Thursday, November 1, 2012

Of Saints and Hurricanes

'Truly, matters in the world are in a bad state; but if you and I begin in earnest to reform ourselves, a really good beginning will have been made.'
St. Peter of Alcantara

Truth is so much stranger than fiction. It's amazing to me how life can sometimes throw events and ironies in our path that would seem contrived in a bestselling novel or blockbuster movie.

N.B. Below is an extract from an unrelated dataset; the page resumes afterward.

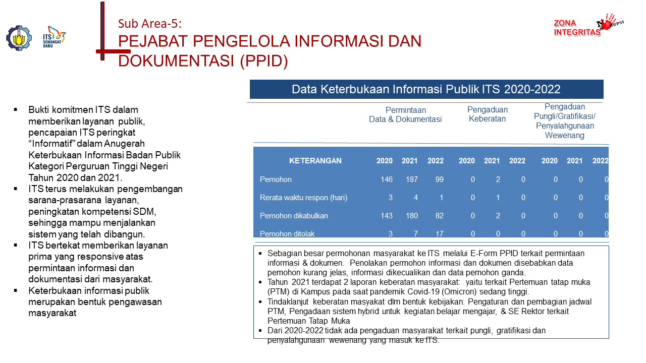 dimana sejak tahun 2020 – 2021 ITS meraih Anugrah Keterbukaan Informasi Publik Kategori Perguruan Tinggi Negeri sebagai Badan Publik Informatif.

As Halloween has come and gone this year, it has eerily collided with real life horrors unfolding as we learn the full destruction of Hurricane Sandy. And today, as we who are Catholic celebrate the Feast of All Saints, the sobering toll of this larger-than-fiction storm reminds us that no matter who we are, our true calling is to help one another, especially in the face of overwhelming tragedy such as this.

I've heard amazing stories of people putting others' well being and lives well above their own. I've heard other stories too of lawlessness, callousness and greed, but I'm sure that there are many, many more instances that we'll never know of selflessness and love.

God knows, and even if we never hear these stories, the fact that they exist makes our world a better place.

I can't help but wonder how this storm will affect us collectively and change us. We became a different society after Hurricane Katrina; we're a little less trusting in our social systems, our government and our infrastructures. I hope that this time the result of this storm will be more positive than negative.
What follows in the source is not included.